Hopefully following some of these tips will improve your ability to cook tender, tasty, and totally succulent mushroom every time.
This recipe, creamy pasta with arugula, was simply a trial by error recipe. I had to find a way to get rid of arugula and not gag two bites into my meal. I LOVE this recipe, because I love mushrooms and goat cheese and I think over time I will soon love arugula. Enjoy, smile, laugh, and have fun!!
Creamy Pasta with Arugula and Mushrooms
- 8 ounces mushrooms (we used Crimini), stems removed and cut into fourths
- 2 tablespoons unsalted butter
- 1 clove garlic, minced
- 1/2 teaspoon salt
- 1 pound pasta (we used Fusilli)
- 4 ounces arugula, washed and coarsely chopped
- 4 ounces goat cheese
- 1/3 cup freshly chopped basil or parsley
- freshly ground black pepper, to taste
- 1 tablespoon balsamic vinegar, optional
- Bring a large pot of water up to a boil for your pasta. I always add a good pinch of salt and about a tablespoon of oil to my pasta water.

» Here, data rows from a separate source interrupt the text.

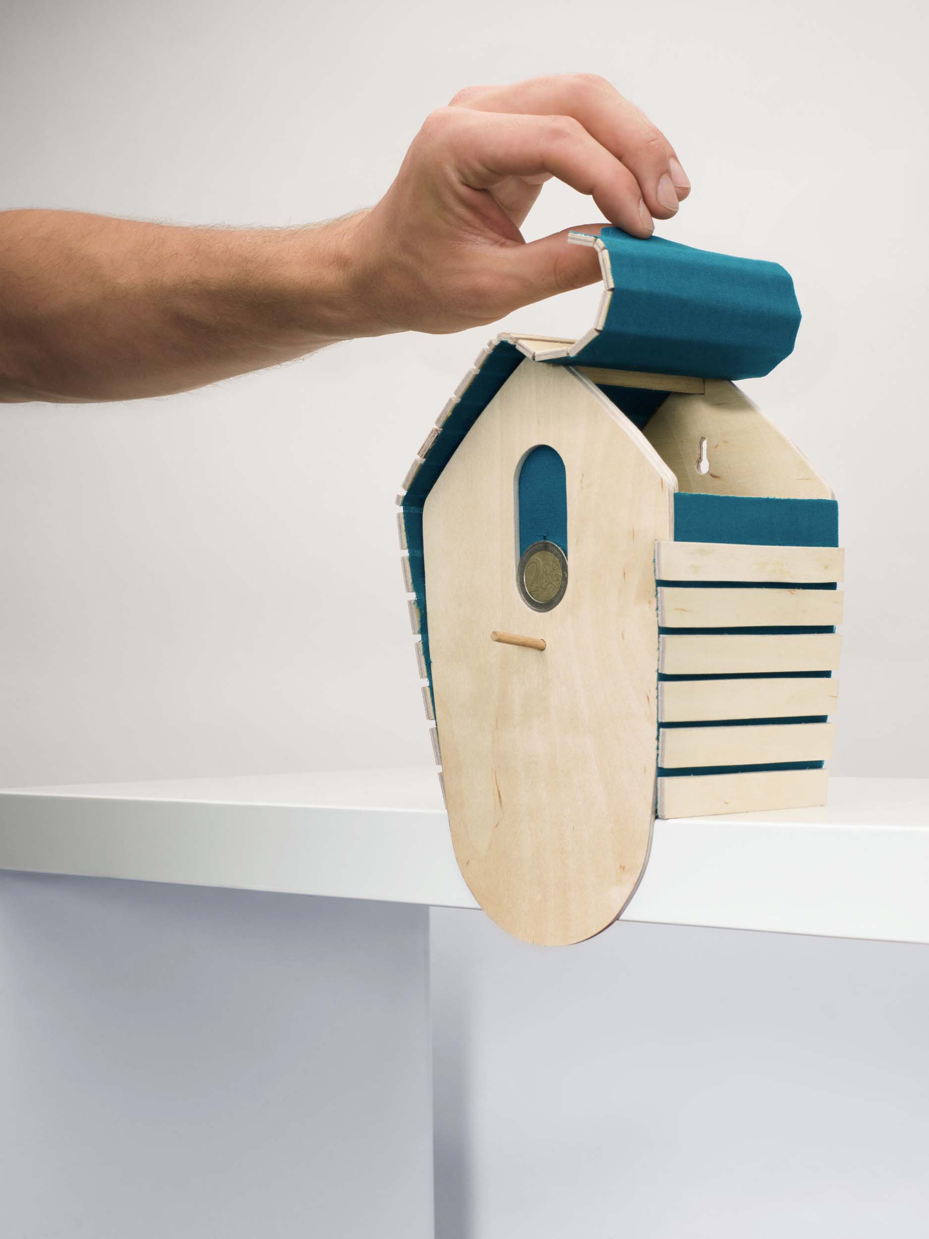 Pour ce lancement, les designers imaginent un objet pour votre entrée, une tirelire bois et feutre se posant sur vos console d’accueil. Telle une petite maison pour oiseau vous pourrez déposer à chaque passage votre monnaie et pièces restées au fond de vos poches afin de constituer une cagnotte pour vos plus gros projets.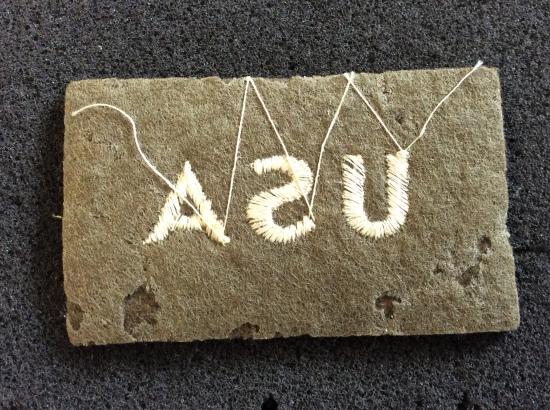USA title as worn by American Nationals serving in British Military Forces. Early paste back badge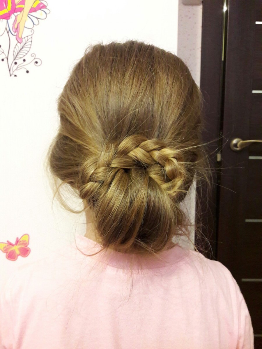- Then gradually, forming bundles from the rest of the hair, wrap them around the bundle, while fixing it with hairpins.

- In a nonstick pan, melt butter over medium heat.
- Add in garlic, mushrooms, and salt and toss.
- Cook mushrooms until they are tender (see cooking tip above).
- Cook pasta according to package directions, but before draining the pasta, reserve 1 cup of the pasta water.
- I repeat, before draining the pasta, reserve 1 cup of the pasta water.
- While your pasta is draining, return the 1 cup of pasta water back into the pot along with the goat cheese. Bring up to a simmer over medium heat, whisking the goat cheese and water together.
- Once the goat cheese sauce is simmering, add the pasta, mushrooms, arugula, and basil and toss. Tossing the pasta is important to make the sauce creamy.
- Season with salt and pepper to taste.
- Serve immediately with the option of balsamic vinegar drizzled on at the table.
- Spinach can be used in place of arugula.